What the exercise asks -
Below are records that hold pictures; write out only the lines from their start through the line with "EC-130 Bubble Cover", exactly, and drop the pictures.

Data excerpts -

——————————

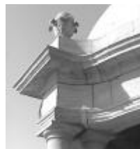
Jahangir Kothari Parade

Origins: The dome seems to have developed as roofing for circular mud-brick huts in ancient Mesopotamia about 6000 years ago. In the 14th century B.C. the Mycenaean Greeks built tombs roofed with steep corbeled domes in the shape of pointed beehives (tholos tombs). Otherwise, the dome was not important in ancient Greek architecture. The Romans developed the masonry dome in its purest form, culminating in a temple built by the emperor Hadrian. Set on a massive circular drum the coffered dome forms a perfect hemisphere on the interior, with a large oculus (eye) in its center to admit light.
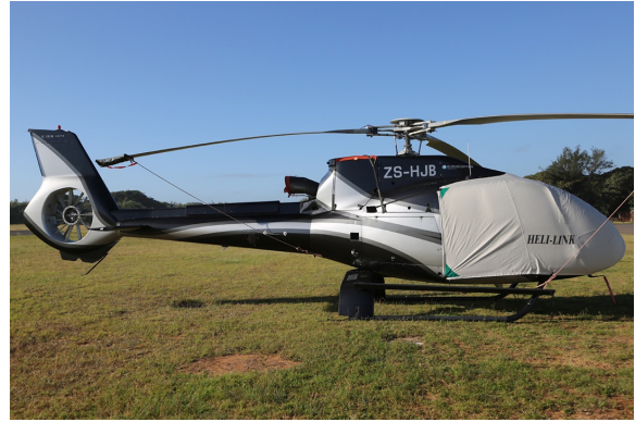
EC-130 Bubble Cover
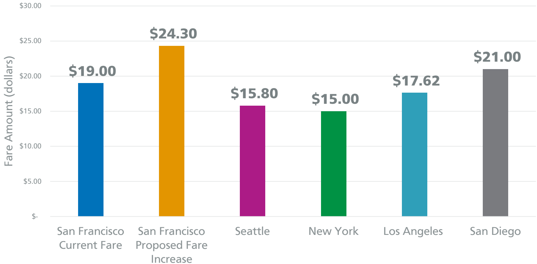
Metered Fare for Five Mile Trip
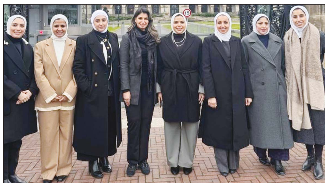
The eight Kuwaiti female judges during their visit to the Netherlands.

A reliable source told the daily that steps to empower women in the judiciary continue based on the Supreme Judicial Council's confidence in Kuwaiti female judges, considering their exemplary performance in investigating all types of cases. The source confirmed these women have proven their worth and competence through their promotion to the po-
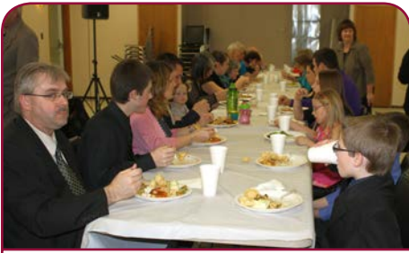
Ottawa brethren enjoying a meal together.

On April 5 in Kemptville, Ontario, 19 people gathered together as a full moon slowly rose through a scattering of clouds. As the golden shafts lit the sky above, people bowed their heads in acknowledgment and prayer as they thanked God for the wonder of His Son's last Passover and its meaning - the symbolism wrapped up in the partaking of wine and unleavened bread. The beauty and wonder of this great gift had been preceded by the foot-washing ceremony - a tremendous lesson in humility through Christ's example. Carried down through millennia we symbolically, once again, repeated this great event. For some this would be their 45th time coming together in giving thanks for the wonder of God's great love bestowed upon us.
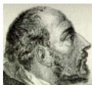
PLATE 8A. PORTRAIT OF THOMAS AQUINAS
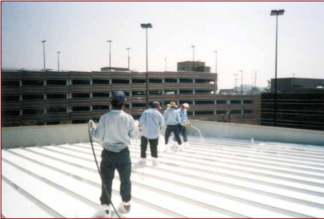
An elastomeric white coating is sprayed on this metal roof in Japan.
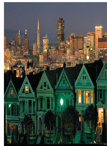
San Francisco, California
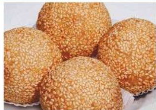
煎堆 S Fried Sesame Ball
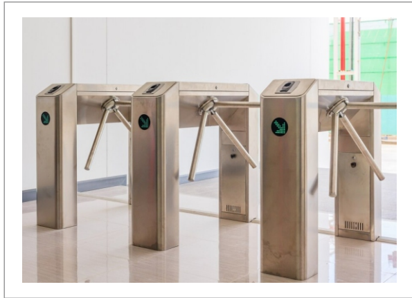
TRIPOD / TURNSTILE
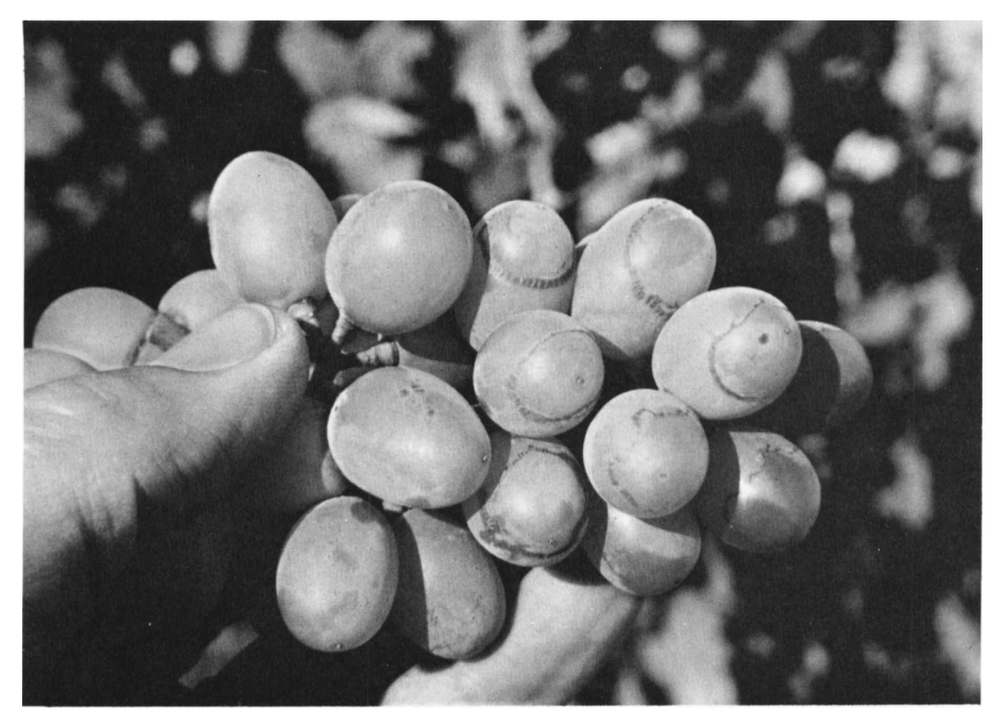
Ring scarring on Thompson Seedless table grapes at harvest. This pattern can result from the use of excess wetting agent in the gibberellin sizing spray.

ring on the berries of the Thompson Seedless variety. While most of the scarring in previous years had been in a ring pattern around the stylar end of the berry, some of the rings occurred where two adjacent berries touched (photo). These ring scar patterns were generally located where the droplets of spray coalesced and collected as a large drop which on drying left a scar on sensitive berries. In contrast, the new type of scarring, aptly called sunburst or starfish by local growers, is characterized by an irregular scarring pattern somewhat in the shape of a starfish (photo). Sometimes the scarring patterns were similar in shape to those of adhering calyptras with extended petal parts (cover photo).
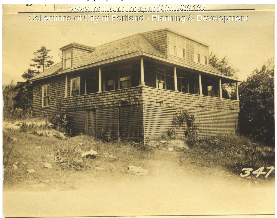
1924 Portland Tax Records: Penley property, N. Side A Street, Part Lot 29, Peaks Island, Portland, 192
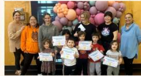
Making banock with an Elder
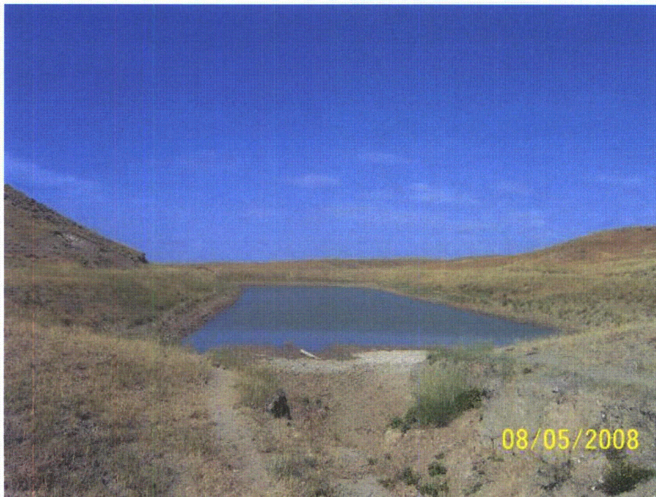
Photo 34: WB-63. Diked tributary to Running Dutchman Ditch. Looking southwest.
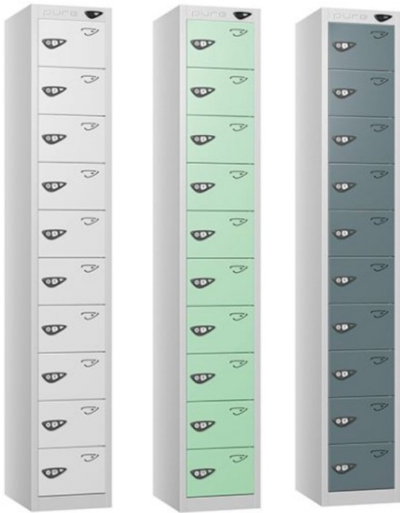
Pure Laptop Charging Lockers - 10 door - 10 compartments

Our Pure Laptop Charging Lockers are designed with 10 individually locking compartments, allowing for maximum protection of your laptop. Available with 13 door colours, and all coated in an anti-bacterial coating, preventing cross-contamination within busy schools, colleges or offices. Choose from a variety of charging options, including UK 3-pin, USB and/or USB-C, ensuring your tablet charging needs are met. Alternatively, our Pure locker range are available as storage-only.
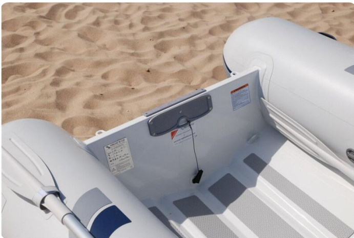
Highfield UL 340 aluminium-RIB - deck and transom

——————————

Exercise solution -
Jahangir Kothari Parade

Origins: The dome seems to have developed as roofing for circular mud-brick huts in ancient Mesopotamia about 6000 years ago. In the 14th century B.C. the Mycenaean Greeks built tombs roofed with steep corbeled domes in the shape of pointed beehives (tholos tombs). Otherwise, the dome was not important in ancient Greek architecture. The Romans developed the masonry dome in its purest form, culminating in a temple built by the emperor Hadrian. Set on a massive circular drum the coffered dome forms a perfect hemisphere on the interior, with a large oculus (eye) in its center to admit light.
EC-130 Bubble Cover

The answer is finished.